The Family Tree Historical Maps Book: State-By-State Atlas Of U.S. History, 1790-1900, by Allison Dolan and the editors of Family Tree Magazine
In reading a book like this, which amounts to a US atlas of a slightly specialized sort, one has to ask what one’s purpose is in reading this. Presumably, anyone reading this book would have an interest in genealogy and would have a desire to uncover information about ancestry and family origin , and the question one asks is whether this purpose is served by reading this book. The answer is not either a certain positive or negative, and that is largely because in order for this book to be used correctly, one has to know a great deal about one’s family to begin with. For example, one has to know where one’s ancestors were living in order to use the maps and other information here to figure out more details. Failing this, if the reader comes to this book with only slight knowledge about their family’s whereabouts over the course of the eighteenth and nineteenth centuries, the reader is left looking at pretty maps that are hard to read and that seem to be chosen either to show what cities looked like or to show the shifting county boundaries within states over time, and while that can be amusing, it is not nearly as worthwhile.
The contents of this book are divided into two categories. The first and largest group of maps is made on a state-by-state basis starting from colonial or territorial period and showing the gradual expansion of settled land and the division of territories into smaller states and of larger counties or unexplored “Indian lands” into land settled and platted and organized by white communities of farmers and ranchers and townfolk. These maps, even though they are hard to read, contain a great deal of information about how many states of the Union were admitted into statehood without having their complete territory organized, much as Alaska retains a great deal of unorganized land even to this day. Some states, like Ohio, barely had any organized land when they were admitted as states, which suggests that there was sometimes a rush to admit states in order to expand the Union before those states had reached a fully settled state, something to consider given the more recent delays on states  being admitted to the Union. The second and smaller section contains maps of special interest involving the causes of death, the period of cloudiness in parts of the United States or the proportion of foreign-born people or the population density at various parts of American history. Some people will be more interested in these special topical maps than others will.
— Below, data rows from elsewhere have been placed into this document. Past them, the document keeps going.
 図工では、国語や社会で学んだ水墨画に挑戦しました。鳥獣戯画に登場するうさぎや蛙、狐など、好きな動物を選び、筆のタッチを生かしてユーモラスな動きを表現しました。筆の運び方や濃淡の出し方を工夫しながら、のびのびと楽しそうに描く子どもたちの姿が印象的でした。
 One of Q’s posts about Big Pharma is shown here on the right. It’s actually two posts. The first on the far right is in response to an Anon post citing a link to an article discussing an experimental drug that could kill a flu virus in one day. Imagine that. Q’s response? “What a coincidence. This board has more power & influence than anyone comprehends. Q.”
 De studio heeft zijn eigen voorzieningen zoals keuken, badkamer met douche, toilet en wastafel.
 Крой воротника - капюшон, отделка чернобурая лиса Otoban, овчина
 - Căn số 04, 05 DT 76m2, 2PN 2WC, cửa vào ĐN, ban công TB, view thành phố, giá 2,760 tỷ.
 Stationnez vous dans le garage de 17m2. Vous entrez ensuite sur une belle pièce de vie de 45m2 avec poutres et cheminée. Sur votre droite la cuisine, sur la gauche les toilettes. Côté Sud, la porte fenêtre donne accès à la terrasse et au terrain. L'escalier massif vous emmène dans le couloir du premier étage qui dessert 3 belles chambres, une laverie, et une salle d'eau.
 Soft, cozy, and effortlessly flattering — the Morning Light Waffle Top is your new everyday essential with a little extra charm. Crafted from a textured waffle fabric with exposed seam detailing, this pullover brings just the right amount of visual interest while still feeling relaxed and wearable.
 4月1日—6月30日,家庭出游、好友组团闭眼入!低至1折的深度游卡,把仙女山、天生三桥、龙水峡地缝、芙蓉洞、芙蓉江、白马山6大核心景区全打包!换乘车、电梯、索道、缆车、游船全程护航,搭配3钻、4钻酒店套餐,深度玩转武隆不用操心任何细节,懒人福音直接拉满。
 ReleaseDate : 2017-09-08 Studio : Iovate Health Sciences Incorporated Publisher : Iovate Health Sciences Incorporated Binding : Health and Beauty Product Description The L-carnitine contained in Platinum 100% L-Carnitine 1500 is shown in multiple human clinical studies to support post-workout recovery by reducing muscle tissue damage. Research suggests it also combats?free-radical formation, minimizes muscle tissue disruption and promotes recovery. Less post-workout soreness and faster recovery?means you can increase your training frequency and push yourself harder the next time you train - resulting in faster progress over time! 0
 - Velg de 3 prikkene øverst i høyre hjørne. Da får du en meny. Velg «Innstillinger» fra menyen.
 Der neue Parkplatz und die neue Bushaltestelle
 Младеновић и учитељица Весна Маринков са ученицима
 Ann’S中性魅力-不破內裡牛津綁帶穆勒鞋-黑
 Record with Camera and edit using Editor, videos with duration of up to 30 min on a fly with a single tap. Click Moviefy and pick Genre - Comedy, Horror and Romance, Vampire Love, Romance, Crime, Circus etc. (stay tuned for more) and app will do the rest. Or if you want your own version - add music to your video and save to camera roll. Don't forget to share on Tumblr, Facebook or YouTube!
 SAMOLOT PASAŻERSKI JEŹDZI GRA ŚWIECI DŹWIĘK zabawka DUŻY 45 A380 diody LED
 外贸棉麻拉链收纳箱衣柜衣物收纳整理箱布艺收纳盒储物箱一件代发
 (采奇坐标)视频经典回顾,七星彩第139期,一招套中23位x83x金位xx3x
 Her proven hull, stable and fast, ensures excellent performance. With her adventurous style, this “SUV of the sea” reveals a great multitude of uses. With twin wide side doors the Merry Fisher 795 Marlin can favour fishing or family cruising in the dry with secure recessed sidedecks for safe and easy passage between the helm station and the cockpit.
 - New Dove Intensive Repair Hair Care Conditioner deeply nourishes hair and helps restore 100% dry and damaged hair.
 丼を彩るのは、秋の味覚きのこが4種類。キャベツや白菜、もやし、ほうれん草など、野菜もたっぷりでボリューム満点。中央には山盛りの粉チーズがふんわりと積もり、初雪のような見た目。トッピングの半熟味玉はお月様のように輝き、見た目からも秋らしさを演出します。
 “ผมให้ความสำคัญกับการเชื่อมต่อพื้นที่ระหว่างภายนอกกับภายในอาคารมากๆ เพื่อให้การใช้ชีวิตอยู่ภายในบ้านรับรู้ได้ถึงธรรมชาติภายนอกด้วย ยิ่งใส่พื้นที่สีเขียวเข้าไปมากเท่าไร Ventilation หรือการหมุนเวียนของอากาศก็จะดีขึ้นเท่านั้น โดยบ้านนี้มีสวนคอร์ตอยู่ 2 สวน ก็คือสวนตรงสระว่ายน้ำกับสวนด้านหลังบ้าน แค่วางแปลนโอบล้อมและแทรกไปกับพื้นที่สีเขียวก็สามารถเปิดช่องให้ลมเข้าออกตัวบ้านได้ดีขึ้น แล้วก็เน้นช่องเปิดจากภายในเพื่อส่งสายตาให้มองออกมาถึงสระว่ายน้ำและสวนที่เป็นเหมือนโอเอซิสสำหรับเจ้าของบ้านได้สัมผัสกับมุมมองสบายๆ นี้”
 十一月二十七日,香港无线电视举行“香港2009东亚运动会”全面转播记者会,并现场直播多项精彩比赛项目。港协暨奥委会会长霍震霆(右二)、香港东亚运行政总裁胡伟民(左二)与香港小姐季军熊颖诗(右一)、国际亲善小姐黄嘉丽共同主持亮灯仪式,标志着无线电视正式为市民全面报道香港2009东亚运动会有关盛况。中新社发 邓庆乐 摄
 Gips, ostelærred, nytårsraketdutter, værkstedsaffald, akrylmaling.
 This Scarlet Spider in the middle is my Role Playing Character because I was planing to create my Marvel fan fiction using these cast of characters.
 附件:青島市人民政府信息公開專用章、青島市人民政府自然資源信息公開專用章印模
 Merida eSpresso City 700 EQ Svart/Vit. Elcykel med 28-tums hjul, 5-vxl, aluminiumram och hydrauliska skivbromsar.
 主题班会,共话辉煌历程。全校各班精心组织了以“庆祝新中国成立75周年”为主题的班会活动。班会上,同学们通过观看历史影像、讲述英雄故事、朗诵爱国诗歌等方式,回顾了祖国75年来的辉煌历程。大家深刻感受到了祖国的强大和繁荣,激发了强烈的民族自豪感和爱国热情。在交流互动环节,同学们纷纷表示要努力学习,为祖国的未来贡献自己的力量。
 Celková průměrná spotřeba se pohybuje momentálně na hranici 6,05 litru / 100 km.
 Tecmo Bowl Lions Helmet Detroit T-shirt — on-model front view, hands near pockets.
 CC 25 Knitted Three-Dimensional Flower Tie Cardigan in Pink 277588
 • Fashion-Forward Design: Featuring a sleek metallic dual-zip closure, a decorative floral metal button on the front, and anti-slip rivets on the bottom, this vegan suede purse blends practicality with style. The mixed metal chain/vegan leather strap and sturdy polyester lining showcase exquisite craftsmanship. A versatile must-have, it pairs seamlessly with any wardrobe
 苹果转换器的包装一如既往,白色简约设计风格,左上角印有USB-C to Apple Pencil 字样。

So, does this map book help someone uncover their family roots? More than likely, it will help those who have a fairly precise area known to where their family lived determine where to go for records about ancestors. What territories and what counties previously existed where one’s family had lived? If one knows the answer to this question, this book can be of use in traveling to places in search of archival information. If one does not know the answer to this question, this is a map of pretty but difficult-to-read maps, and while that may be enjoyable enough as a way to pass a bit of time, and as a way to think about the practices of settlement and organization within the United States over the course of history, it probably will not be greatly useful in helping someone without much knowledge of where their family came from get the information they need to know more about the status and identity of their ancestors. Still, one can never read too many pretty maps, and maps give a great deal of thought-provoking material for reflection, and so this book will be of use to many, at least in helping them figure out what they need to find out concerning their family background.